Material provided
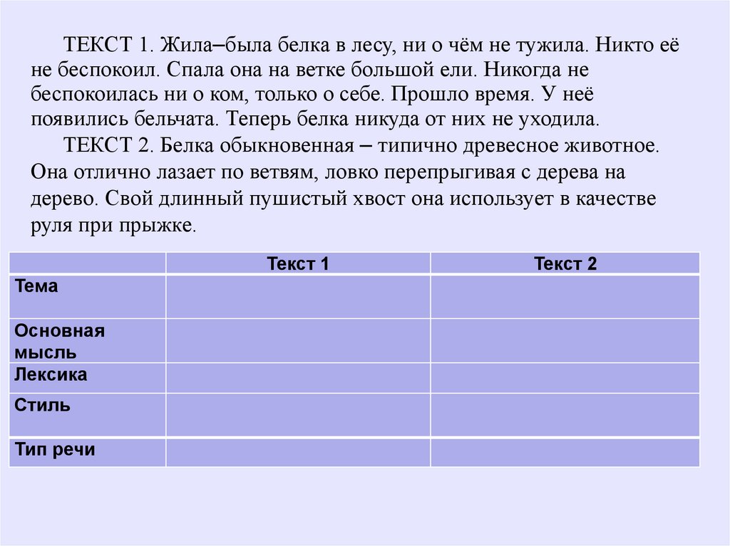 ТЕКСТ 1. Жила–была белка в лесу, ни о чём не тужила. Никто еёне беспокоил. Спала она на ветке большой ели. Никогда не
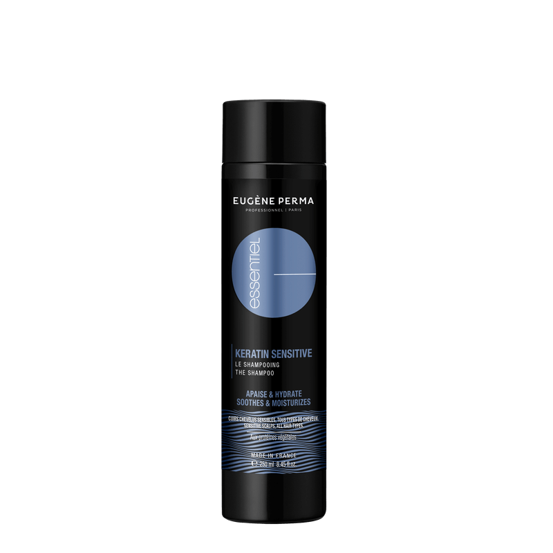 Champô calmante para couro cabeludo sensível, adequado para todos os tipos de cabelo. O Champô ESSENTIEL Keratin Sensitive acalma e hidrata o couro cabeludo. Limpa suavemente, deixando o cabelo reparado, macio e brilhante. Este champô contém proteínas vegetais extraídas da batata, reconhecidas pelas suas propriedades higroscópicas.
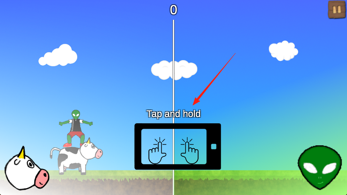 2、屏幕中間有Tap and hold提示,按照說明點(diǎn)擊并長按屏幕,控制外星人騎的奶牛跳躍,避開兩邊出現(xiàn)的外星人獨(dú)角獸這些障礙,別讓奶牛掉下去。
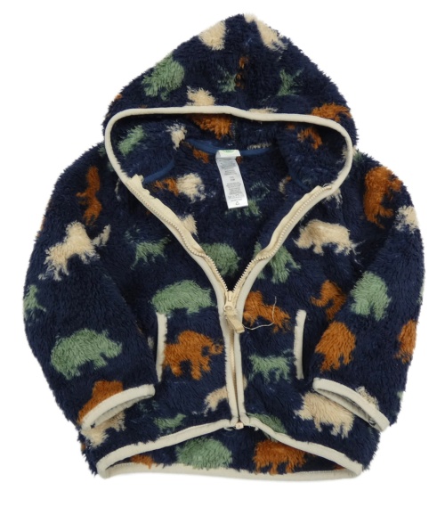 Tmavomodro-barevná chlupatá propínací mikina se zvířátky a kapucí
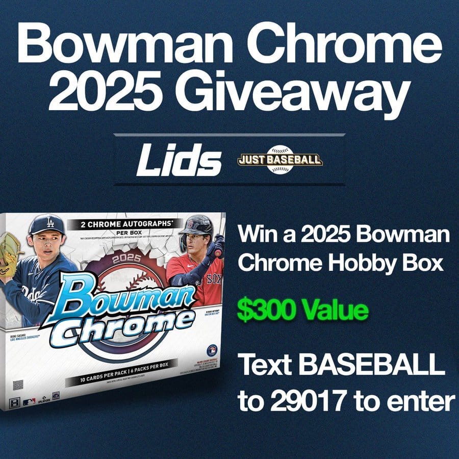 Text that number by Sunday to enter our giveaway for a chance to win a FREE Bowman Chrome 2025 Box!!!
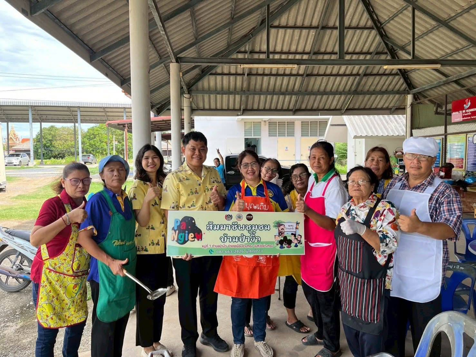 โดยวันนี้ทางสมาชิกกลุ่มอาชีพป่างิ้ว หมู่ที่ 1 ตำบลป่างิ้ว เข้าร่วมโครงการกิจกรรมพัฒนาต่อยอดกลุ่มอาชีพ จำนวน 13 คน ณ ศาลาเอนกประสงค์ หมู่ที่ 1 ตำบลป่างิ้ว อำเภอเมืองอ่างทอง ร่วมกันจัดตั้งกลุ่มอาชีพ ตามหลัก 5 ก. โดยใช้ชื่อกลุ่มว่า “PANGIEW ป่างิ้ว หมู่ที่ 1 ” ผลิตภัณฑ์กลุ่มได้แก่ ครองแครง กรอบเค็ม และได้แนะนำส่งเสริมการต่อยอดอาชีพและช่องทางการจำหน่ายให้แก่กลุ่มต่อไปโดยการพัฒนาบรรจุภัณฑ์ และส่งเสริมเทคนิคการตลาด
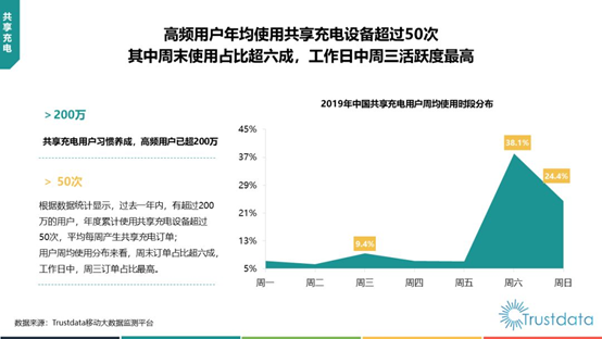 简单估算一下,贾婷这一年在各个共享充电平台之间雨露均沾式的使用,已经让她为此付出了过千元。这笔钱要用来网购充电宝,备的货都够在天桥底摆几天摊了。 为了偶尔的远途旅程不无聊,为了看完深夜场电影后还有电打车回家,为了能够帮女朋友唤醒她冻得罢工的手机,总是恰好出现的共享充电宝,已然成为生活刚需。 据Trustdata的《2019年中国共享充电行业发展分析简报》,超过200万用户年均使用充电设备超过50次,也就是说平均每周都要额外花钱充电一次。
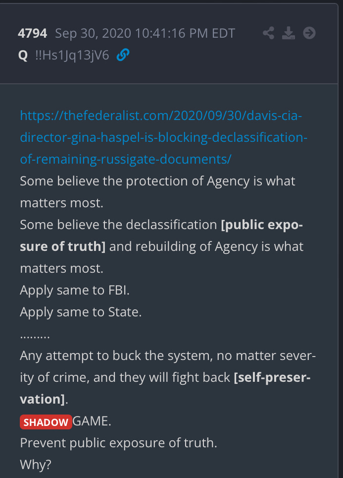 This Q post is talking about the CIA. The link is about the CIA doing everything they can to prevent the “public exposure” of their treason, through declassification of the evidence.

Activity
You are asked to output the records precisely as they appear, minus any pictures.

Result of the task
 ТЕКСТ 1. Жила–была белка в лесу, ни о чём не тужила. Никто еёне беспокоил. Спала она на ветке большой ели. Никогда не
 Champô calmante para couro cabeludo sensível, adequado para todos os tipos de cabelo. O Champô ESSENTIEL Keratin Sensitive acalma e hidrata o couro cabeludo. Limpa suavemente, deixando o cabelo reparado, macio e brilhante. Este champô contém proteínas vegetais extraídas da batata, reconhecidas pelas suas propriedades higroscópicas.
 2、屏幕中間有Tap and hold提示,按照說明點(diǎn)擊并長按屏幕,控制外星人騎的奶牛跳躍,避開兩邊出現(xiàn)的外星人獨(dú)角獸這些障礙,別讓奶牛掉下去。
 Tmavomodro-barevná chlupatá propínací mikina se zvířátky a kapucí
 Text that number by Sunday to enter our giveaway for a chance to win a FREE Bowman Chrome 2025 Box!!!
 โดยวันนี้ทางสมาชิกกลุ่มอาชีพป่างิ้ว หมู่ที่ 1 ตำบลป่างิ้ว เข้าร่วมโครงการกิจกรรมพัฒนาต่อยอดกลุ่มอาชีพ จำนวน 13 คน ณ ศาลาเอนกประสงค์ หมู่ที่ 1 ตำบลป่างิ้ว อำเภอเมืองอ่างทอง ร่วมกันจัดตั้งกลุ่มอาชีพ ตามหลัก 5 ก. โดยใช้ชื่อกลุ่มว่า “PANGIEW ป่างิ้ว หมู่ที่ 1 ” ผลิตภัณฑ์กลุ่มได้แก่ ครองแครง กรอบเค็ม และได้แนะนำส่งเสริมการต่อยอดอาชีพและช่องทางการจำหน่ายให้แก่กลุ่มต่อไปโดยการพัฒนาบรรจุภัณฑ์ และส่งเสริมเทคนิคการตลาด
 简单估算一下,贾婷这一年在各个共享充电平台之间雨露均沾式的使用,已经让她为此付出了过千元。这笔钱要用来网购充电宝,备的货都够在天桥底摆几天摊了。 为了偶尔的远途旅程不无聊,为了看完深夜场电影后还有电打车回家,为了能够帮女朋友唤醒她冻得罢工的手机,总是恰好出现的共享充电宝,已然成为生活刚需。 据Trustdata的《2019年中国共享充电行业发展分析简报》,超过200万用户年均使用充电设备超过50次,也就是说平均每周都要额外花钱充电一次。
 This Q post is talking about the CIA. The link is about the CIA doing everything they can to prevent the “public exposure” of their treason, through declassification of the evidence.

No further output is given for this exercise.